▶ Work to be completed
Retype all entries exactly, skipping pictures.

▶ Source data
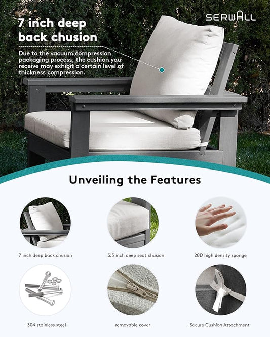 SERWALL Outdoor Patio Sofa Set, 2-Piece HDPE Single Seat Outdoor Sofa Chair with Padded Cushions, Black Frame with Grey Cushion
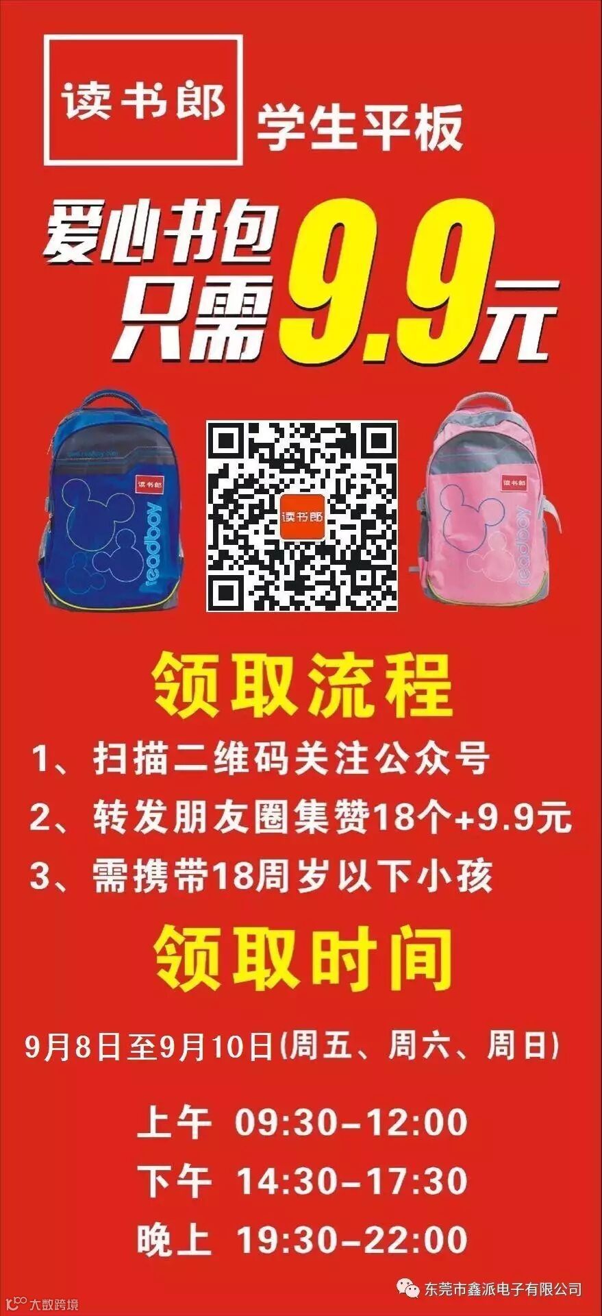 原价98元书包,只需9·9元!
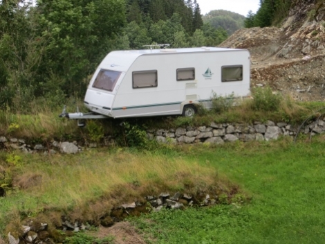 Ein liten dump i bakken, ei tue og ein god porsjon flaks gjorde at denne campingvogna ikkje vart blesen utfor kanten.
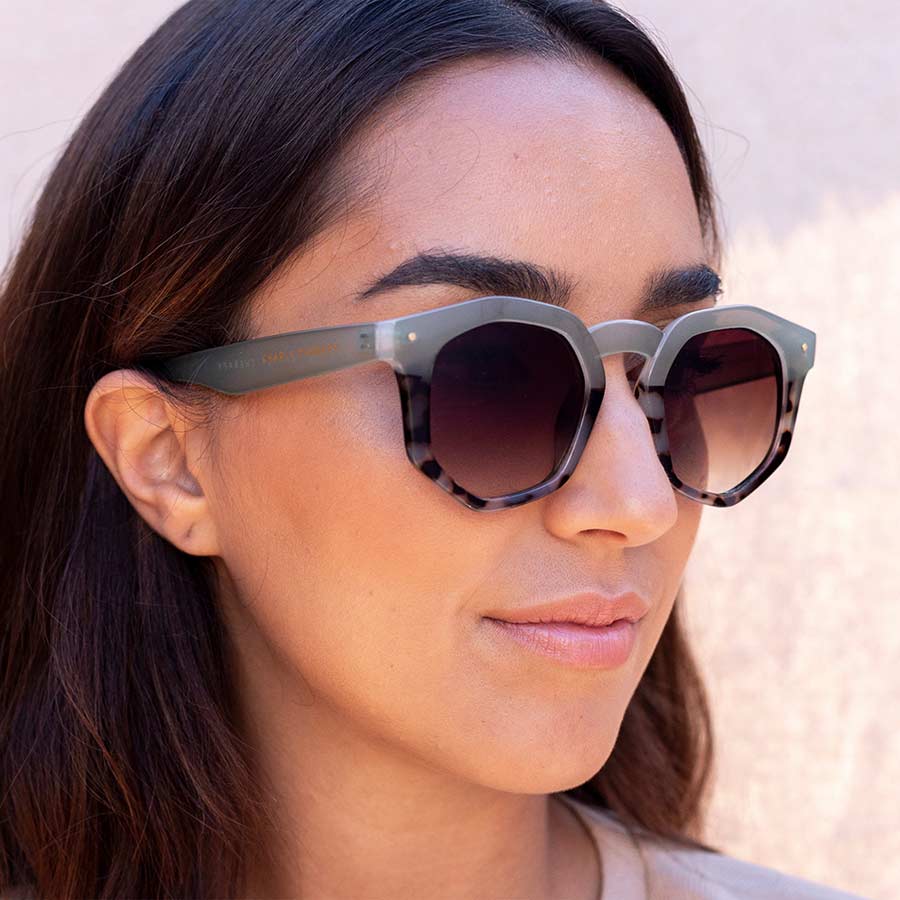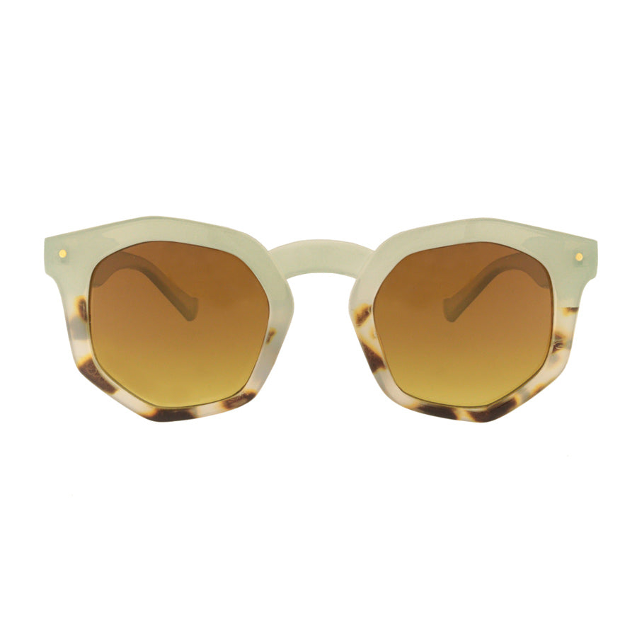 Un design tout en contraste, une forme graphique et une palette ultra raffinée : le modèle Audrey se réinvente en version Bahia, pour un look solaire à la fois audacieux et délicat. Avec sa monture hexagonale oversize et son dégradé de teintes du vert menthe à l’écaille parsemée de teinte crème, cette paire ne ressemble à aucune autre.
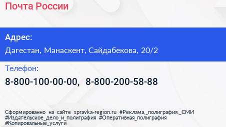 Почта России по адресу Дагестан, Манаскент, Сайдабекова, 20/2 в дальнейшем Организация, размещена в следующих категориях:
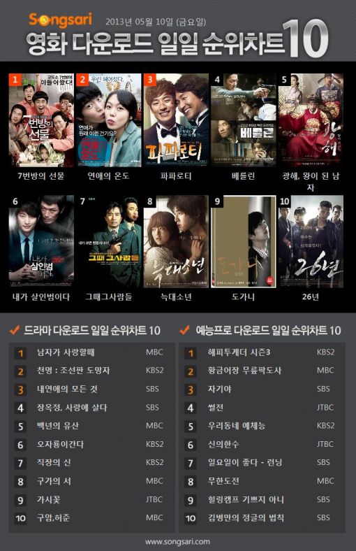 [아시아경제 진주희 기자]영화 다운로드 전문 웹하드 ‘송사리’에서 백상예술대상 대상에 빛나는 ‘류승룡’ 주연의 ‘7번방의 선물’이 다시 한번 다운로드 순위 1위에 올랐다.지난 9일 진행된 백상예술대상에서 21년의 무명의 설움을 날려 버리고 최고의 영예인 대상을 거머쥔 ‘류승룡’은 현재 충무로의 최고 핫이슈로 자리잡았다.류승룡 주연의 ‘7번방의 선물’외 ‘광해 왕이된 남자’도 백상예술대상에 작품상을 받아 다운로드 순위 5위로 재진입해 눈길을 끌었으며, 이로써 류승룡 주연 및 조연의 영화가 두 편이나 다운로드 순위에 이름을 올렸다.2위 역시 백상예술대상에서 여자 최우수 연기상을 수상한 ‘김민희’ 주연의 ‘연애의 온도’가 차지 하였으며 어제 다운로드 순위 1위를 기록한 ‘한석규’ ‘이제훈’ 주연의 ‘파파로티’는 두단계 하락한 3위를 보였으나, 역시 만만치 않은 다운로드 수를 기록하고 있다.4위는 하정우. 전지현. 류승범 주연의 첩보액션 대작 ‘베를린’ 이 차지하였으며, ‘박시후’ 고소했던 A양이 고소를 취하했다는 소식과 함께 실시간 검색어 상위에 오르며 ‘박시후’ 주연의 ‘내가 살인범이다’가 6위로 재진입하여 꾸준히 다운로드 수를 늘려가고 있다.이밖에 고 박정희 전대통령의 시해사건을 다룬 ‘그때 그 사람들’이 어제에 이어 두 단계 상승하여 박근혜 정부의 관심을 간접적으로 비췄으며 늑대소년, 도가니,가 그 뒤를 이어갔다.‘도가니’가 순위에 오른 것은 ‘윤창중’ 청와대 대변인이 성추행 사건으로 경질됐다는 뉴스로 인하여 성추행 관련 영화로서 다시 한번 순위권에 재진입 한 것으로 해석된다.10위 ‘26년’은 한혜진 주연의 영화로서 한혜진과 기성용의 7월 결혼 발표로 화제를 일으키며 순위에 랭크 되었다.드라마 일일 다운로드부문에서는 수목 드라마 ‘남자가 사랑할 때’와 ‘천명’ ‘내 연애의 모든 것’ 지상파 3개 드라마가 1,2,3,위를 차지 했으며, 그밑으로는 주중 방영되었던 드라마들이 순위를 이어가고 있다.예능 부문차트에서는 목요일 예능 ‘해피투게더 시즌3’가 다운로드 1위에 올랐으며 ,’황금어장 - 무릎팍도사’ ’자기’등 목요일 밤 예능 프로가 상위권에 이름을 올렸다. 진주희 기자 ent1234@<ⓒ아시아경제 & 스투닷컴(stoo.com)이 만드는 온오프라인 연예뉴스>
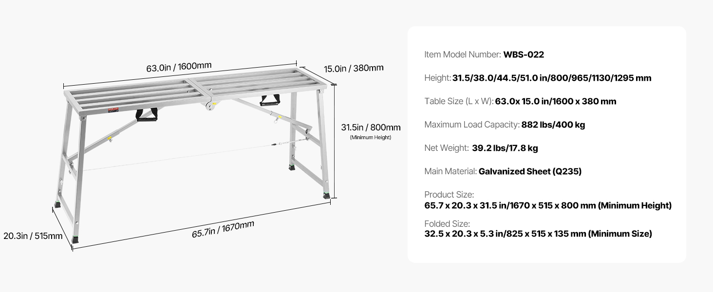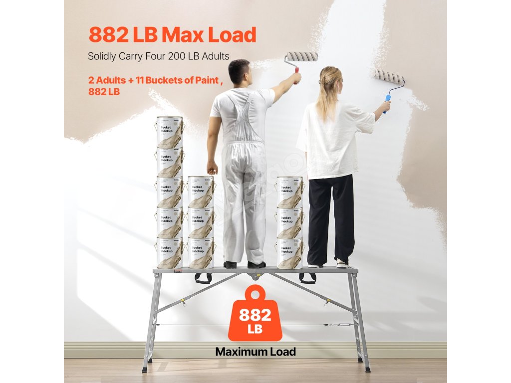 Vysokopevnostný rám z nehrdzavejúcej ocele poskytuje stabilnú polstrovanú plošinu s nosnosťou až 880 kg, vďaka čomu zvládne rôzne úlohy, od maľovania až po údržbu.

▶ Your solution
 SERWALL Outdoor Patio Sofa Set, 2-Piece HDPE Single Seat Outdoor Sofa Chair with Padded Cushions, Black Frame with Grey Cushion
 原价98元书包,只需9·9元!
 Ein liten dump i bakken, ei tue og ein god porsjon flaks gjorde at denne campingvogna ikkje vart blesen utfor kanten.
 Un design tout en contraste, une forme graphique et une palette ultra raffinée : le modèle Audrey se réinvente en version Bahia, pour un look solaire à la fois audacieux et délicat. Avec sa monture hexagonale oversize et son dégradé de teintes du vert menthe à l’écaille parsemée de teinte crème, cette paire ne ressemble à aucune autre.
 Почта России по адресу Дагестан, Манаскент, Сайдабекова, 20/2 в дальнейшем Организация, размещена в следующих категориях:
 [아시아경제 진주희 기자]영화 다운로드 전문 웹하드 ‘송사리’에서 백상예술대상 대상에 빛나는 ‘류승룡’ 주연의 ‘7번방의 선물’이 다시 한번 다운로드 순위 1위에 올랐다.지난 9일 진행된 백상예술대상에서 21년의 무명의 설움을 날려 버리고 최고의 영예인 대상을 거머쥔 ‘류승룡’은 현재 충무로의 최고 핫이슈로 자리잡았다.류승룡 주연의 ‘7번방의 선물’외 ‘광해 왕이된 남자’도 백상예술대상에 작품상을 받아 다운로드 순위 5위로 재진입해 눈길을 끌었으며, 이로써 류승룡 주연 및 조연의 영화가 두 편이나 다운로드 순위에 이름을 올렸다.2위 역시 백상예술대상에서 여자 최우수 연기상을 수상한 ‘김민희’ 주연의 ‘연애의 온도’가 차지 하였으며 어제 다운로드 순위 1위를 기록한 ‘한석규’ ‘이제훈’ 주연의 ‘파파로티’는 두단계 하락한 3위를 보였으나, 역시 만만치 않은 다운로드 수를 기록하고 있다.4위는 하정우. 전지현. 류승범 주연의 첩보액션 대작 ‘베를린’ 이 차지하였으며, ‘박시후’ 고소했던 A양이 고소를 취하했다는 소식과 함께 실시간 검색어 상위에 오르며 ‘박시후’ 주연의 ‘내가 살인범이다’가 6위로 재진입하여 꾸준히 다운로드 수를 늘려가고 있다.이밖에 고 박정희 전대통령의 시해사건을 다룬 ‘그때 그 사람들’이 어제에 이어 두 단계 상승하여 박근혜 정부의 관심을 간접적으로 비췄으며 늑대소년, 도가니,가 그 뒤를 이어갔다.‘도가니’가 순위에 오른 것은 ‘윤창중’ 청와대 대변인이 성추행 사건으로 경질됐다는 뉴스로 인하여 성추행 관련 영화로서 다시 한번 순위권에 재진입 한 것으로 해석된다.10위 ‘26년’은 한혜진 주연의 영화로서 한혜진과 기성용의 7월 결혼 발표로 화제를 일으키며 순위에 랭크 되었다.드라마 일일 다운로드부문에서는 수목 드라마 ‘남자가 사랑할 때’와 ‘천명’ ‘내 연애의 모든 것’ 지상파 3개 드라마가 1,2,3,위를 차지 했으며, 그밑으로는 주중 방영되었던 드라마들이 순위를 이어가고 있다.예능 부문차트에서는 목요일 예능 ‘해피투게더 시즌3’가 다운로드 1위에 올랐으며 ,’황금어장 - 무릎팍도사’ ’자기’등 목요일 밤 예능 프로가 상위권에 이름을 올렸다. 진주희 기자 ent1234@<ⓒ아시아경제 & 스투닷컴(stoo.com)이 만드는 온오프라인 연예뉴스>
 Vysokopevnostný rám z nehrdzavejúcej ocele poskytuje stabilnú polstrovanú plošinu s nosnosťou až 880 kg, vďaka čomu zvládne rôzne úlohy, od maľovania až po údržbu.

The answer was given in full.